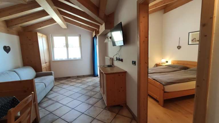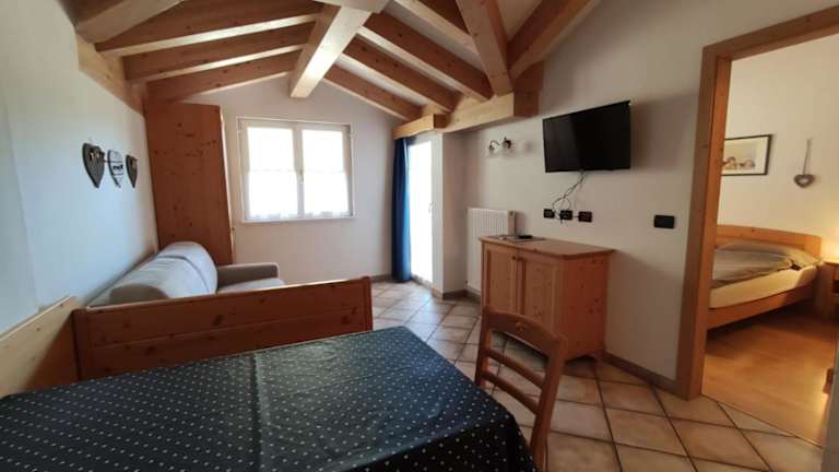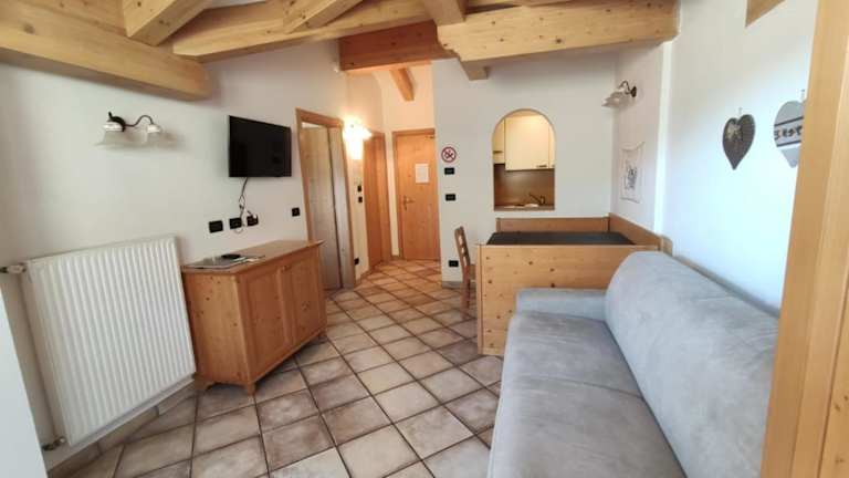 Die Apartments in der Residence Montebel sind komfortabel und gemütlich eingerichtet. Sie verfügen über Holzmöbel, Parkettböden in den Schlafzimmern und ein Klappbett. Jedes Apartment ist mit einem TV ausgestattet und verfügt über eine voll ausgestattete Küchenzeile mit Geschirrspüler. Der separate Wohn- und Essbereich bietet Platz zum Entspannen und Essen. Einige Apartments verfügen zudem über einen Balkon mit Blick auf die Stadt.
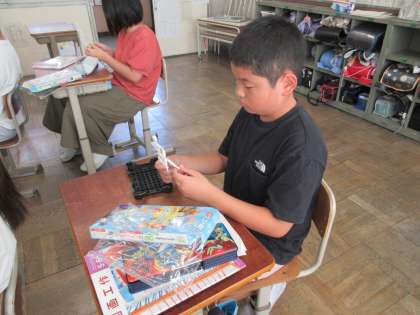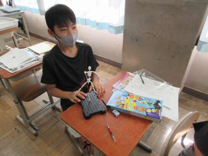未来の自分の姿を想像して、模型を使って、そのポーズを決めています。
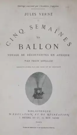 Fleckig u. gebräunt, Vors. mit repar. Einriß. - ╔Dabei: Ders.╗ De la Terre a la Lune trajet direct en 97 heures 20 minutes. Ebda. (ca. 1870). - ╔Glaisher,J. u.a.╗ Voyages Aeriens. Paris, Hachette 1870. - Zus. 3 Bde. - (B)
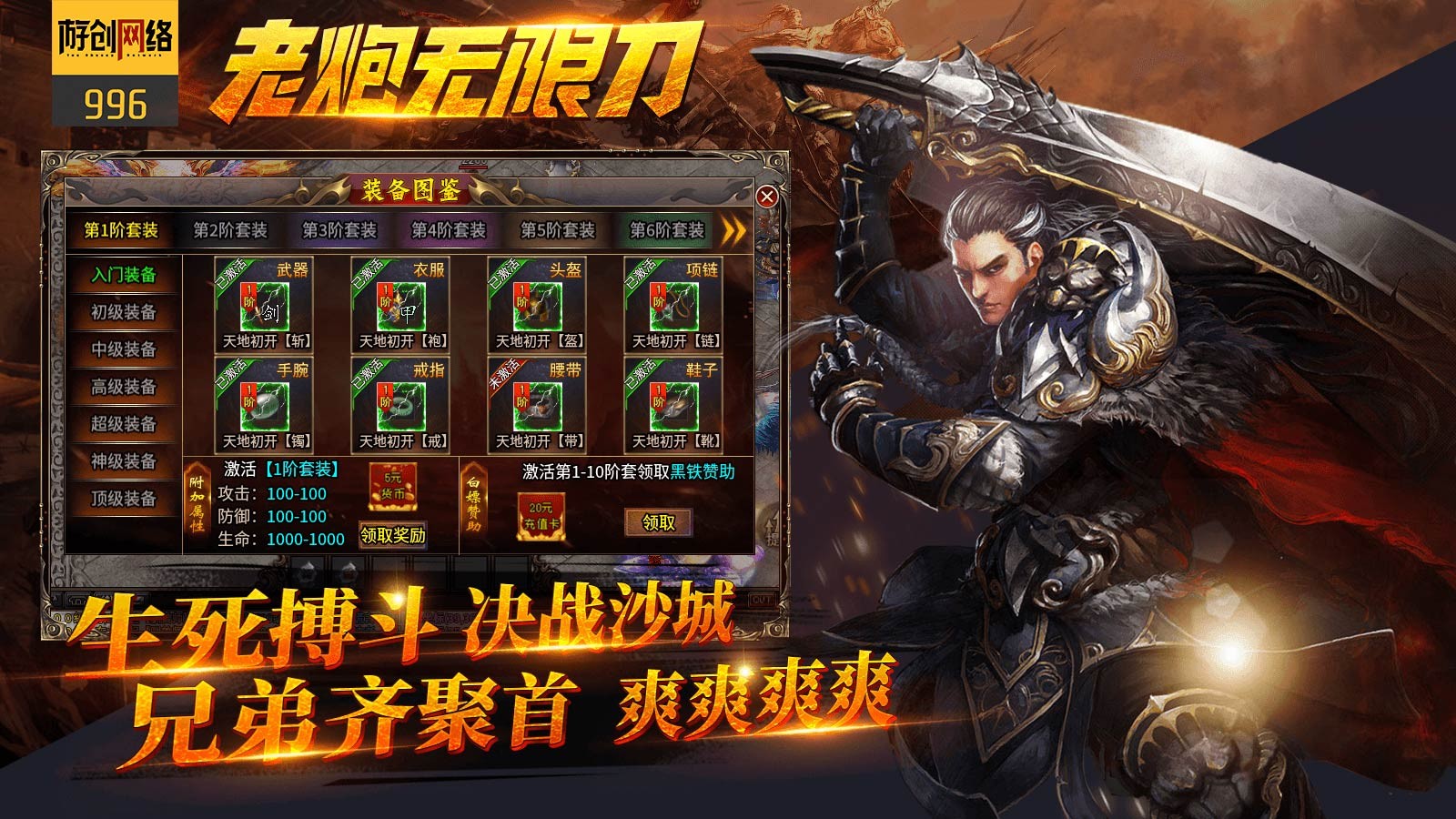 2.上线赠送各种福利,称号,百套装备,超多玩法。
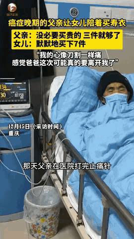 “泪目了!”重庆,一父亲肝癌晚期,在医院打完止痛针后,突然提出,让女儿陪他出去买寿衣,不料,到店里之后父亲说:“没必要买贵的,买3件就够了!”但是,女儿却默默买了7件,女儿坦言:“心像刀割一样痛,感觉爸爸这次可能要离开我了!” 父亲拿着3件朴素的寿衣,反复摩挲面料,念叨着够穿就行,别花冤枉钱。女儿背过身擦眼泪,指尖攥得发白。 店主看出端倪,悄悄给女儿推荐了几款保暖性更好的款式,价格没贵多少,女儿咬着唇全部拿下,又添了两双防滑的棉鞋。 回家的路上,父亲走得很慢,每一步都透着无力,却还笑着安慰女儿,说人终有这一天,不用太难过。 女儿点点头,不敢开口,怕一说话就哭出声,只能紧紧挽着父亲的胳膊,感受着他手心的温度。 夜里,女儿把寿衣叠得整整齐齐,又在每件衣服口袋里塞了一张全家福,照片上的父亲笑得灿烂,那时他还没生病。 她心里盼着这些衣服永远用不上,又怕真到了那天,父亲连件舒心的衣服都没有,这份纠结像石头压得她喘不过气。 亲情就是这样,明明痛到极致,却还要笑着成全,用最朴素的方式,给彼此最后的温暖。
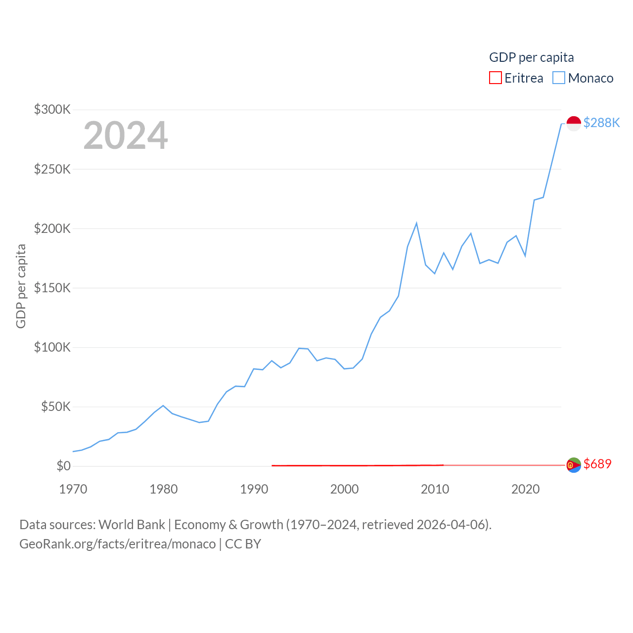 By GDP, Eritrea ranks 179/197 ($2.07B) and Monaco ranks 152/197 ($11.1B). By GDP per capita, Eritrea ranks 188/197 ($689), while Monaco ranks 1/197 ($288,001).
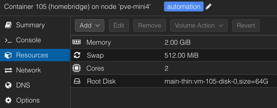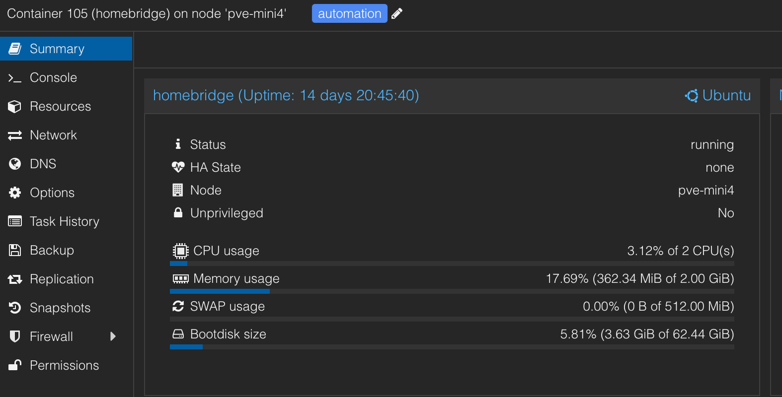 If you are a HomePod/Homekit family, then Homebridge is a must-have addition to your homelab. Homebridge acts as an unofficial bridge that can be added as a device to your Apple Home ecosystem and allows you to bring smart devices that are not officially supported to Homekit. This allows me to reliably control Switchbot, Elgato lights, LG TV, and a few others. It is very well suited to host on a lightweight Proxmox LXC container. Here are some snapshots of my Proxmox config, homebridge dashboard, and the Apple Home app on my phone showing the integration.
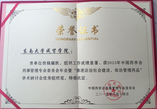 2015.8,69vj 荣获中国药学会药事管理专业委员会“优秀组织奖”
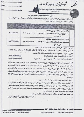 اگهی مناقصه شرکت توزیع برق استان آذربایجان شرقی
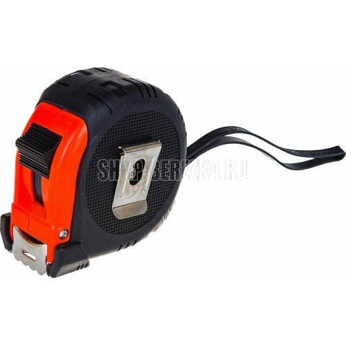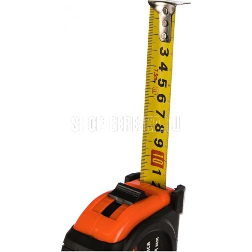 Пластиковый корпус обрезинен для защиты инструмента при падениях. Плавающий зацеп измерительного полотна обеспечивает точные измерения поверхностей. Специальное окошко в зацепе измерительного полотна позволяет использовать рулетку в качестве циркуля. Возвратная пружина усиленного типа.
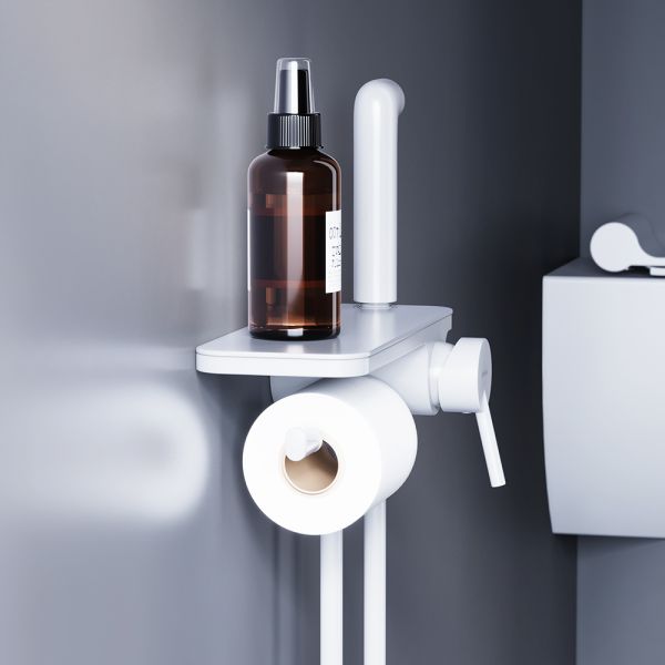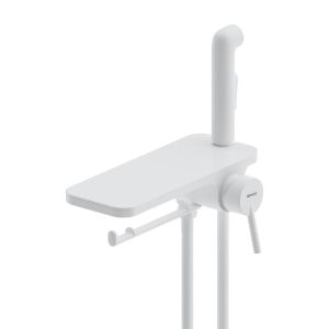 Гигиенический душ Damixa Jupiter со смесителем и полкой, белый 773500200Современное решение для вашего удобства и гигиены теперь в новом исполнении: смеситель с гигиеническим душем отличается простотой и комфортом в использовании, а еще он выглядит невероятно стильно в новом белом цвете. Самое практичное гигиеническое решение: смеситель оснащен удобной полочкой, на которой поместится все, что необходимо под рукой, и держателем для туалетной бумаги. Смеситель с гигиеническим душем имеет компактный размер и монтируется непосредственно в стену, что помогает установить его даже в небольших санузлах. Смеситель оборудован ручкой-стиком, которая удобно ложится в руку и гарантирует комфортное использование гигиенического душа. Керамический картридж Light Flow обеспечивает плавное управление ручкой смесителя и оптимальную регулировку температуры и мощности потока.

--*--

### ABOUT THIS EXERCISE
Say again, word for word, the lines beginning at the top of the data and ending with the line that has "Пластиковый корпус обрезинен". Skip the pictures.

### WRITTEN RESPONSE
 Die Apartments in der Residence Montebel sind komfortabel und gemütlich eingerichtet. Sie verfügen über Holzmöbel, Parkettböden in den Schlafzimmern und ein Klappbett. Jedes Apartment ist mit einem TV ausgestattet und verfügt über eine voll ausgestattete Küchenzeile mit Geschirrspüler. Der separate Wohn- und Essbereich bietet Platz zum Entspannen und Essen. Einige Apartments verfügen zudem über einen Balkon mit Blick auf die Stadt.
未来の自分の姿を想像して、模型を使って、そのポーズを決めています。
 Fleckig u. gebräunt, Vors. mit repar. Einriß. - ╔Dabei: Ders.╗ De la Terre a la Lune trajet direct en 97 heures 20 minutes. Ebda. (ca. 1870). - ╔Glaisher,J. u.a.╗ Voyages Aeriens. Paris, Hachette 1870. - Zus. 3 Bde. - (B)
 2.上线赠送各种福利,称号,百套装备,超多玩法。
 “泪目了!”重庆,一父亲肝癌晚期,在医院打完止痛针后,突然提出,让女儿陪他出去买寿衣,不料,到店里之后父亲说:“没必要买贵的,买3件就够了!”但是,女儿却默默买了7件,女儿坦言:“心像刀割一样痛,感觉爸爸这次可能要离开我了!” 父亲拿着3件朴素的寿衣,反复摩挲面料,念叨着够穿就行,别花冤枉钱。女儿背过身擦眼泪,指尖攥得发白。 店主看出端倪,悄悄给女儿推荐了几款保暖性更好的款式,价格没贵多少,女儿咬着唇全部拿下,又添了两双防滑的棉鞋。 回家的路上,父亲走得很慢,每一步都透着无力,却还笑着安慰女儿,说人终有这一天,不用太难过。 女儿点点头,不敢开口,怕一说话就哭出声,只能紧紧挽着父亲的胳膊,感受着他手心的温度。 夜里,女儿把寿衣叠得整整齐齐,又在每件衣服口袋里塞了一张全家福,照片上的父亲笑得灿烂,那时他还没生病。 她心里盼着这些衣服永远用不上,又怕真到了那天,父亲连件舒心的衣服都没有,这份纠结像石头压得她喘不过气。 亲情就是这样,明明痛到极致,却还要笑着成全,用最朴素的方式,给彼此最后的温暖。
 By GDP, Eritrea ranks 179/197 ($2.07B) and Monaco ranks 152/197 ($11.1B). By GDP per capita, Eritrea ranks 188/197 ($689), while Monaco ranks 1/197 ($288,001).
 If you are a HomePod/Homekit family, then Homebridge is a must-have addition to your homelab. Homebridge acts as an unofficial bridge that can be added as a device to your Apple Home ecosystem and allows you to bring smart devices that are not officially supported to Homekit. This allows me to reliably control Switchbot, Elgato lights, LG TV, and a few others. It is very well suited to host on a lightweight Proxmox LXC container. Here are some snapshots of my Proxmox config, homebridge dashboard, and the Apple Home app on my phone showing the integration.
 2015.8,69vj 荣获中国药学会药事管理专业委员会“优秀组织奖”
 اگهی مناقصه شرکت توزیع برق استان آذربایجان شرقی
 Пластиковый корпус обрезинен для защиты инструмента при падениях. Плавающий зацеп измерительного полотна обеспечивает точные измерения поверхностей. Специальное окошко в зацепе измерительного полотна позволяет использовать рулетку в качестве циркуля. Возвратная пружина усиленного типа.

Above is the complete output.